According to the American Red Cross, it takes an average of 8-12 minutes for first responders to arrive on the scene after 911 is called. For each minute defibrillation is delayed, the chance of survival is reduced by approximately 10%. In other words, by the time the ambulance arrives with its cargo of lifesaving EMTs and AEDs, it may already be too late.

Make Your AED Visible

Are you ready? Here’s the number one tip for effective AED placement: make it visible! It may sound obvious, but hiding your valuable AED in a corner or stowing it in an office drawer isn’t going to do anyone any good. While it may be tempting to keep your equipment “out of harm’s way,” it’s far more important to make sure your AEDs are visible and are in good working order.

Keep it Simple

When someone shouts “Where’s the AED!?” You’ll want to be able to respond with a quick, clear direction such as “In the lobby!” or “By the elevator!”

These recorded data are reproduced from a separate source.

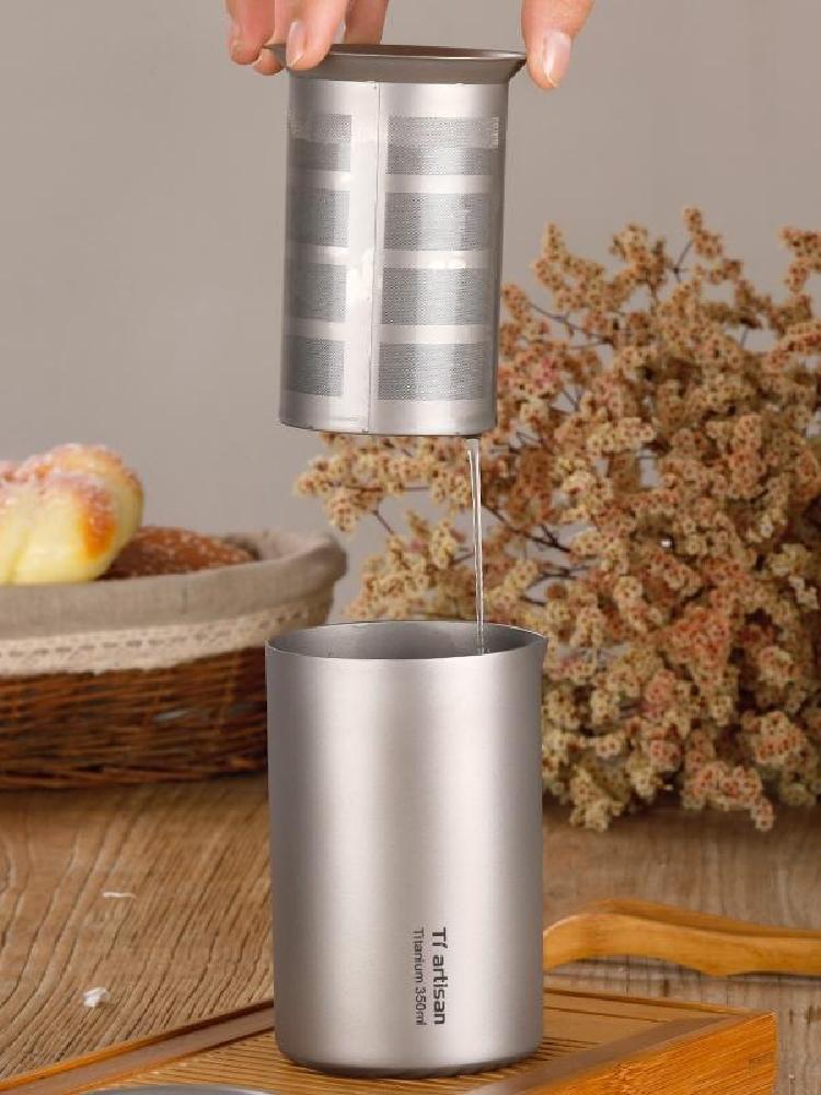这是一款多功能泡茶器,既可用作水杯,也可泡茶,用轻盈健康的纯钛材质打造,亲和人体,高温无有害析出。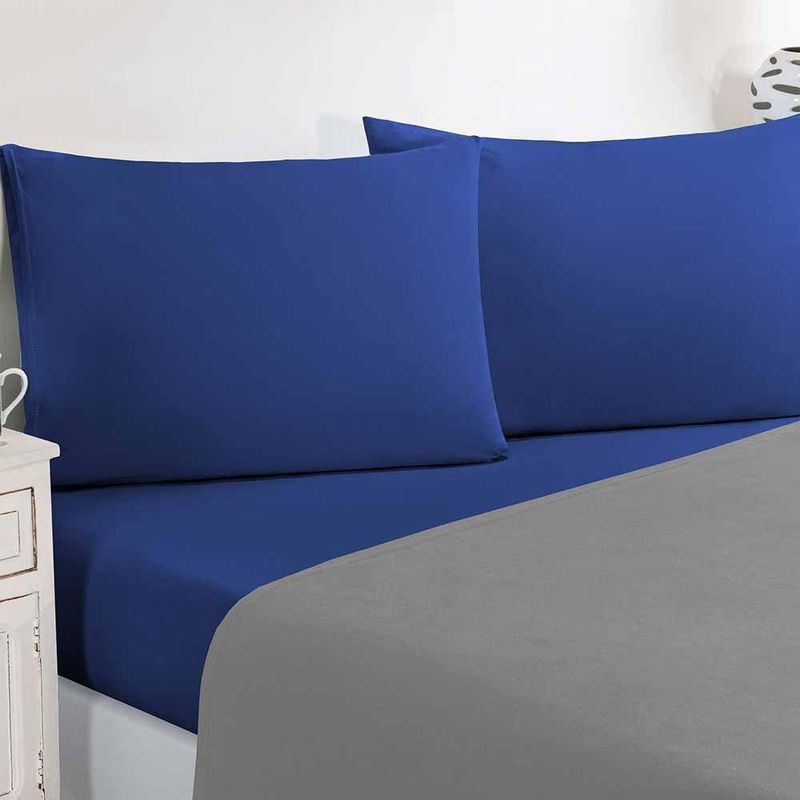 Jogo De Cama Malha Lençol 100% Algodão Gran Moratta 4 Peças Casal - Cinza/azul Royal
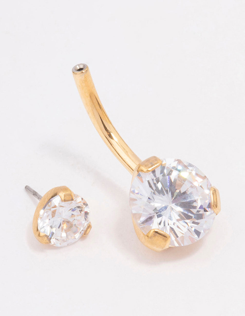 Gold Plated Surgical Steel Double Round Cubic Zirconia Belly Ring Gold Plated Surgical Steel Double Round Cubic Zirconia Belly Ring Gold Plated Surgical Steel Double Round Cubic Zirconia Belly Ring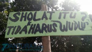 Selain plang bertuliskan ‘sholat tidak perlu whudu’, Rido’i juga memasang plang bertuliskan sejumlah kalimat nyeleneh, diantaranya berbunyi ‘PROBOLINGGO ingin bahagia sejahtera dunia akherat, kuncinya islam iman ihsan. Yang lain nooo’.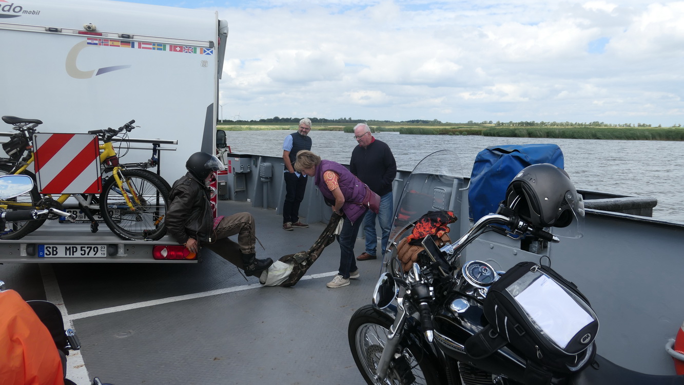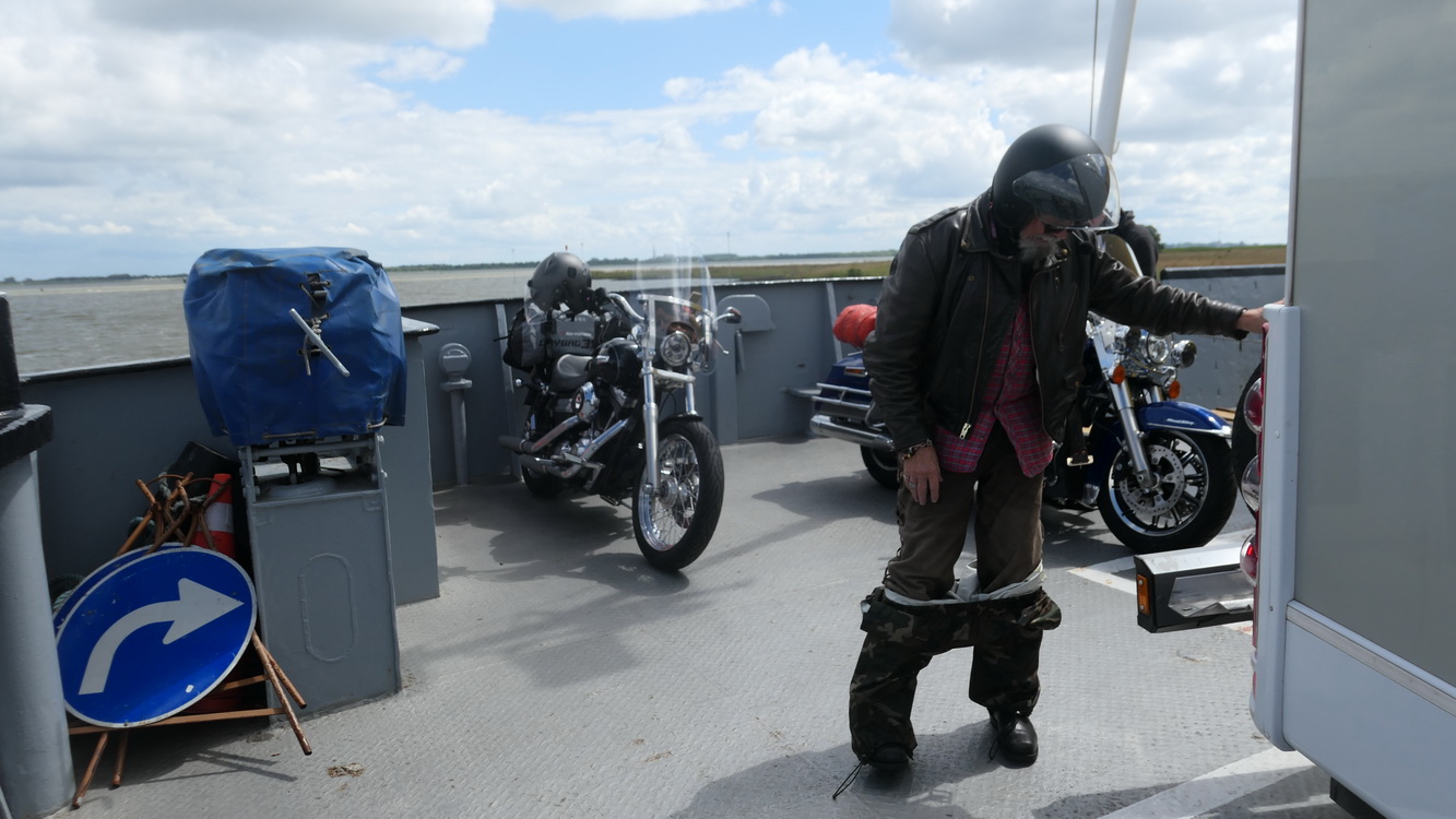 Enfin après Brêmes le ciel bleu apparait et on arrive au Bac à Wischhafen pour traverser l'Elbe en ferry au sec. Donc sur le bac , on se déséquipe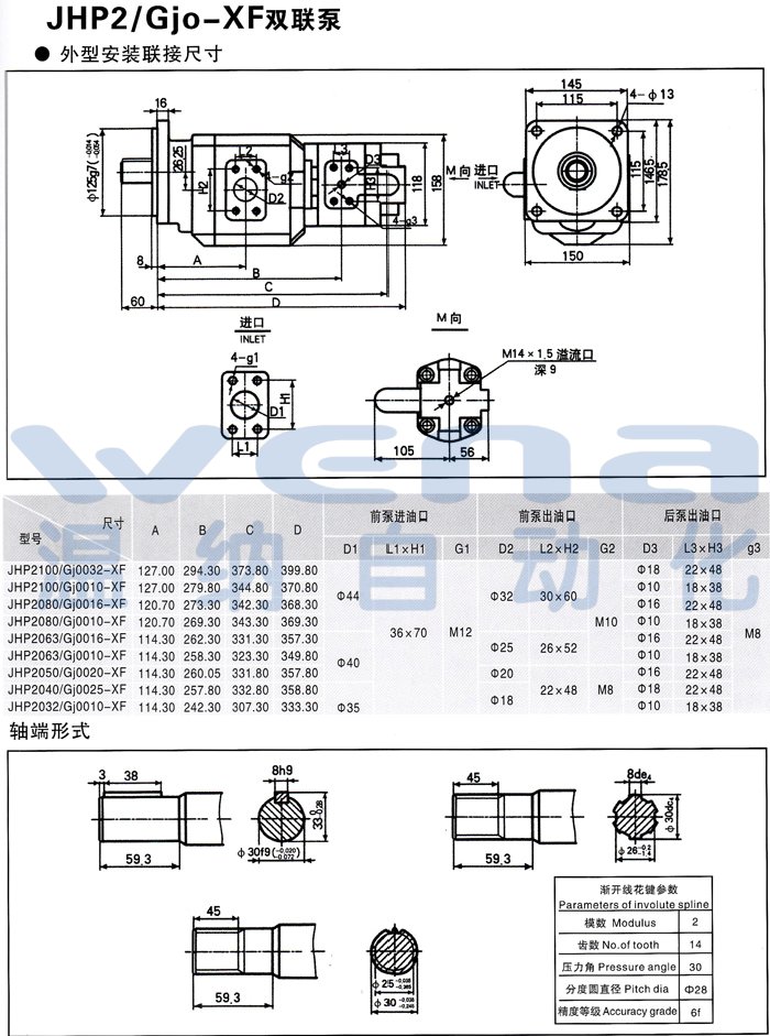 JHP2050/GJ0020-XF,JHP2040/GJ0025-XF,双联齿轮泵,无锡温纳WENA厂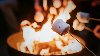 Instead, just grab some candles. They are safe and convenient, and a good idea to keep on hand anyway in case of a power outage. It may take a bit longer to get the heat you need, but the flame is controllable and easy to work with. If you really want to create a campfire vibe, you can set up camp chairs and make some outdoorsy lights with strategically placed Mason jars. With the stage set, you can get to work making your impromptu s'mores, toasting them carefully over candlelight. You'll want to use unscented candles and stay away from paraffin; instead, choose a non-toxic material like beeswax or soy. That way your candle flame won't alter the flavor of your marshmallows or make them unsafe to eat.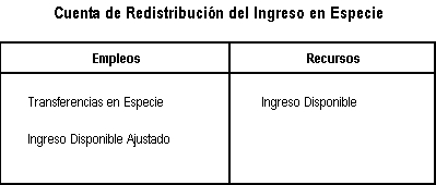 CUENTA DE REDISTRIBUCION DEL INGRESO EN ESPECIE Esta cuenta presenta dos elementos del proceso de redistribución : - En primer lugar registra las prestaciones sociales en especie, que son aquellas que no dan lugar a gastos por parte del hogar beneficiario como las prestaciones por las que el hogar hace el pago inicialmente y que posteriormente se le reembolsa. - En segundo lugar, registra la transferencia de bienes y servicios no mercantes. Esta cuenta, registra, como recursos el ingreso disponible y para los hogares las transferencias sociales en especie, por el lado de usos o empleos, las transferencias sociales en especie que figuran en el gobierno general y las instituciones privadas sin fines de lucro al servicio de los hogares. La partida saldo es el ingreso disponible ajustado; por la naturaleza de las transacciones esta cuenta se elabora para el gobierno general, los hogares y las IPSFL al servicio de los hogares.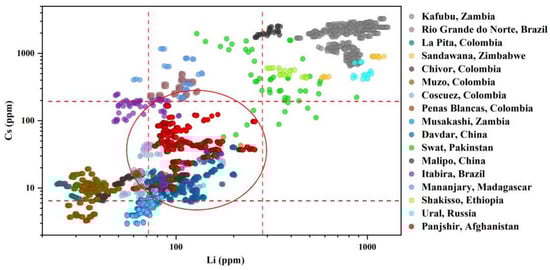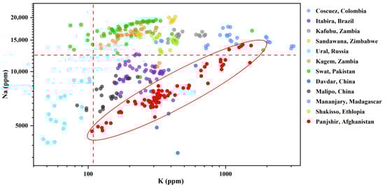 Figure 19 shows the distribution of Li and Cs in emeralds from the world’s major origins, from which emeralds can be distinguished from most of the world’s origins. For example, a part of the Colombian mines, because of their lower Li and Cs content than the Panjshir Valley emeralds’ content, while the Swat Valley in Pakistan and the Urals in Russia, Ethiopia, Sandawana, Madagascar, Zambia, and Malipo in China have higher Li and Cs content than that of the Panjshir Valley emeralds [,,,,,,].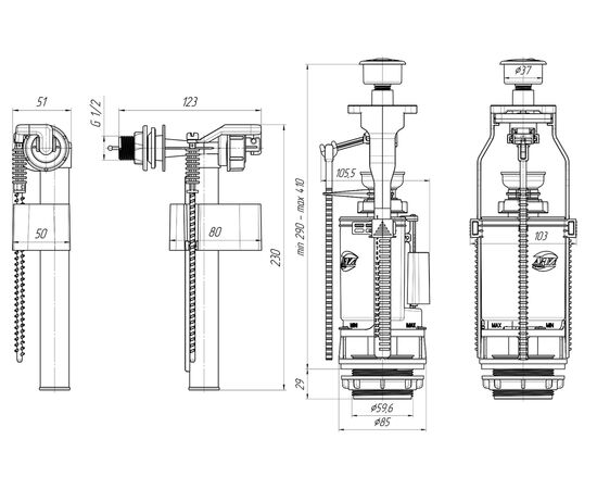 Минимальное количество для товара "Арматура для унитаза Эконом боковая 1/2" двойная кнопка белая АНИ WC-3050 (20 шт)" 1.

Take Stock of Your AED Inventory

Do you have enough AEDs? Most AED manufacturers recommend that facilities have at least one AED per floor. As you consider your options for the best places to put your AED, make a list of central, high-traffic areas or areas where someone is most likely to go into sudden cardiac arrest (on the office treadmill, for example). If you’re not sure where to place your AEDs, Cardio Partners offers Cardiac Preparedness Consulting Services.

Signage is Your Friend

Don’t  let your aesthetic sense get in the way of common sense. Professional signage, with icons, should clearly mark AED locations and direct users to the device.

Ideally, rescuers should be able to assist the victim of an SCA in less than two minutes! AEDs and directional signs should be located in high visibility areas in public buildings and businesses and at social or athletic events.

Accessibility is Critical

AEDs should be readily accessible to all employees and to the public and should be within reach of wheelchair-bound individuals. Your AED cabinet should be mounted in an unobstructed area, 48 inches above the floor, to ensure that anyone can access it in the event of an emergency. Make sure that your employees can reach and remove the AED with one hand to minimize response time.

Be Strategic About AED Placement

Facilities managers should consider placing AEDs in areas where many people work closely together (such as assembly lines or office buildings), near confined spaces, in areas where electric-powered devices are used, and at outdoor worksites where lightning may strike (Health & Safety Institute).

Checklist: AED Placement Guidelines and Recommendations

  • Make sure that your AEDs are located in a clearly marked, brightly illuminated, and unobstructed location.
  • AEDs should be easy to reach and remove with one hand.
  • According to the Americans with Disability Act (ADA) guidelines, the height to reach the handle of an AED should be no more than 48 inches high. The maximum side reach for an unobstructed approach to an AED is 54 inches (CPR Seattle).
  • For maximum efficacy, be sure to train key personnel throughout the building in how to properly use an AED.
  • Regularly inspect your equipment for signs of tampering and to make sure it’s emergency-ready. You may want to consider investing in an AED Compliance Management program or a Preventative Maintenance Program.
  • Consider placing non-latex protective gloves, CPR face masks, scissors, safety razors (to shave the victim’s chest hair, as necessary), absorbent towels, and a first aid kit near your AED.